An Intresting tale my friend Brenden sent me, he got it from The Darwin Awards.
Around 1980, I read of a case regarding a Cricket Field Groundsman who had a personal vendetta against the local Moles. The story was recorded in the Bristol Evening Post Newspaper (UK). My summary runs as follows; These harmless (?) little creatures were constantly upsetting the Groundsman because they rather naturally kept making little heaps of soil on his sacred cricket pitch. Now there are quite a few 'relatively safe' and proven methods of getting rid of Moles, such as using ultrasonic repellents, or placing selected poisons down their holes, etc. But this Groundsman decided to use his own 'appliance of science'. His technique, whether motivated by; i) a blind rage to obliterate his furry friends ii) shear foolishness iii) both was pretty dumb to say the least! The aforesaid, 'appliance of science' consisted of; a) a Gardeners Fork, b) a length of cable, c) a UK Mains Plug, d) a pair of Wellington Boots. The technique was sublimely simple! He connected one end of the Cable to the metal prong end of the Gardeners Fork. The other end he connected, via the plug, to a 240V 50Hz mains outlet. (One could reasonably assume that he must have used a pretty big fuse or a convenient piece of metal such as a nail in order to help prevent the fuse within the plug blowing too easily!). He then commenced to push the fork into the soil in the vicinity of his Mole holes, with the hope that he might 'discharge' some of the little rascals! Whilst the ground was wet, our Darwin 'candidate' deemed himself safe, cos he'd donned his Wellies! Under the circumstances the chances of killing a Mole must be fairly remote. But sadly, the chances of killing oneself was manifestly higher, and of course he did! In the process of his carefully planned attack he electrocuted himself! It is unknown whether the Moles came up to have a look at him afterwards, but it is certain that most of them, if not all, lived longer than the Groundsman did. It can also be safely said that the Moles never bothered him again, so at least his solution worked! Whilst I vouch that this is a true story as recorded in a reputable local paper, the moral of the story must be; 'If there's a Mole in a hole, don't loose control, cos it could be you in a hole'.

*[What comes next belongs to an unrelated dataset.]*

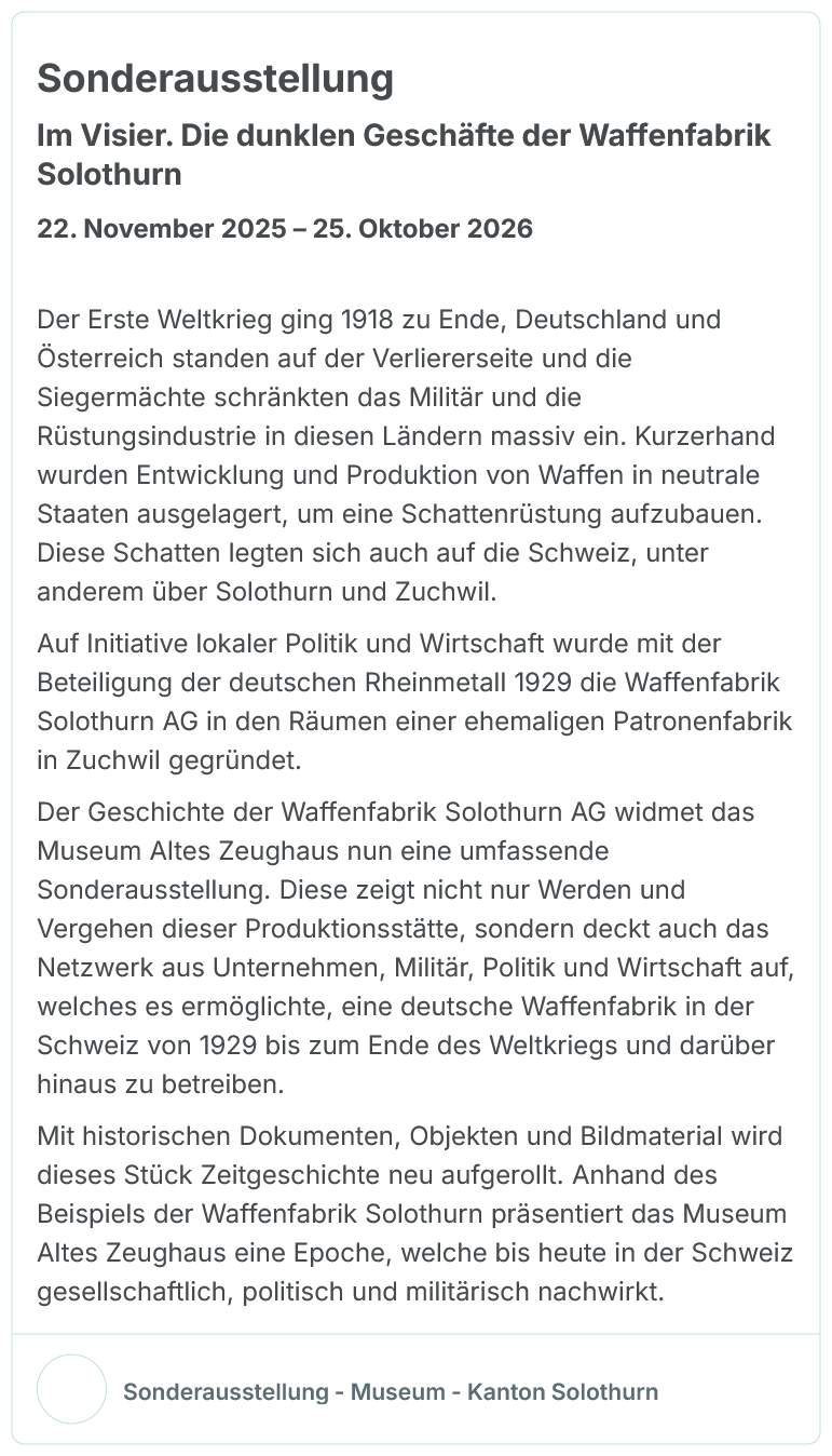 «Das Museum Altes Zeughaus in Solothurn zeigt bis 31. Oktober 2026 die Sonderausstellung «Im Visier. Die dunklen Geschäfte der Waffenfabrik Solothurn». Nach dem Ersten Weltkrieg lagerten Deutschland und Österreich die Entwicklung und Produktion von Waffen ins neutrale Ausland aus. 1929 gründeten Solothurner Wirtschafts- und Politikexponenten die Waffenfabrik Solothurn AG mit Beteiligung der deutschen Rheinmetall. Die Sonderausstellung über die Geschichte der Waffenfabrik und ihrer Produkte zeigt vor allem auch das Netzwerk von Unternehmen, Militär und Politik auf, das den Betrieb einer deutschen Waffenfabrik in der Schweiz von 1929 bis 1945 und darüber hinaus erlaubte.» [RS]

This story comes from a book titled "Man Suffocated By Potatoes" by William A. Marsano. (added Feb 19th, 99)
An English home owner wasat his wits' end in his long and unsuccessful war against the mole that had been burrowing unsightly tunnels throughout his property. Enough with traps and poisons-he planned to go mano a mano with the mole. Moles are nocturnal animals, so he drove he drove his Jaguar onto the lawn to hunt the mole down with the aid of the headlights. The car stalled, and when he got it started again, it lurched into gear out of control. Onward it rolled, the driver trapped inside, until it crashed into his house. The cars fuel tank ruptured and burst into flames, which quickly reached the house and burned it to the ground.
He couldn't even phone for help-the telephone cable was burned through before he call the fire department. "I was lucky to get out alive," he said, "I still want to see that mole dead."